The Works of David Hare and Howard Brenton


David Hare
David Hare was born in Sussex in 1947. He is the author of twenty-eight plays for the stage.
Sixteen have been performed in the National Theatre. They include Plenty, Pravda (with
Howard Brenton), The Secret Rapture, Racing Demon, The Absence of War, Skylight, Amy's
View, The Blue Room (from Schnitzler), The Judas Kiss, Via Dolorosa, Stuff Happens, The
Vertical Hour, Gethsemane, The Power of Yes and South Downs. He has also written plays
by Brecht, Gorky, Chekhov, Pirandello and Lorca, in English. His many screenplays for film
and television include Licking Hitler, Wetherby, Damage, The Hours, The Reader and Page
Eight. David writes a lot of political plays, for example Fanshen, originally a book about the
Chinese Revolution. Fanshen refuses to show clearly moral issues, David Hares adaptation
focusses on the difficulties, mistakes and corruption of the revolution. Hare uses his work to
show the audience who watches the play that those involved can learn from their mistakes
and perhaps even move to a more ideal society. Davids work that is considered to be his
best was the play Plenty, which is about a woman who served in the French Resistance in
WW2 but finds herself concerned about post war Britain.
Howard Brenton
Howard Brenton is a British playwright, recognised for his controversial political plays of the
1970s and 80s.

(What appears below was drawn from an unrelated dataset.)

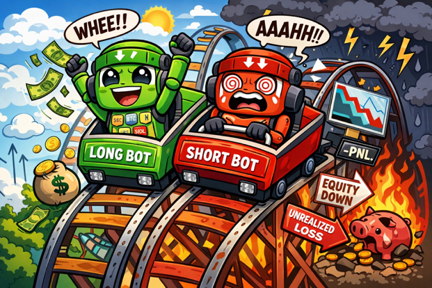 A fost o vreme când eram destul de încrezător că am venit cu o strategie „dificil de pierdut”: rularea a două boturi de grilă pentru futures în același timp - unul Long și unul Short - pe aceeași pereche de tranzacționare. În mintea mea, logica părea impecabilă. Dacă piața se mișca lateral, ambele boturi ar fi adunat profituri din grilă. Dacă prețul creștea, botul Long ar fi avut profit. Dacă prețul scădea, botul Short ar fi compensat. Doar auzindu-l suna deja ca soluția perfectă pentru cineva care nu este bun la prezicerea direcției pieței, mai ales în timpul unei piețe laterale.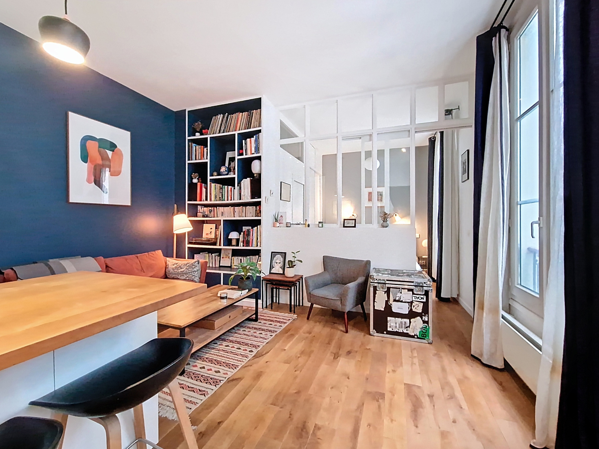 Il se compose d'un séjour, d'une cuisine ouverte aménagée et équipée, d'une chambre avec dressing et d'une salle d'eau avec WC. Le tout en très bon état : un vrai petit cocon dans ce quartier recherché du 10ème arrondissement.

He became resident dramatist at the Royal Court in 1972, following on from
David Hare, who he did Pravda with. His plays include Revenge, Brassneck also a
collaboration with David Hare, The Churchill Play, Epsom Downs, and The Romans in
Britain, Berlin Bertie, Paul, Never So Good, and In Extremis. Brentons has now written 40
plays, either alone or in collaboration with other playwrights, mostly David Hare. Howard
Brenton is seen more than anyone in Britain today a play writer that epitomizes Bertolt
Brechts legacy. His contribution to left wing theatre is alike to Bertolt Brecht. This is
because he uses a lot of epic theatre.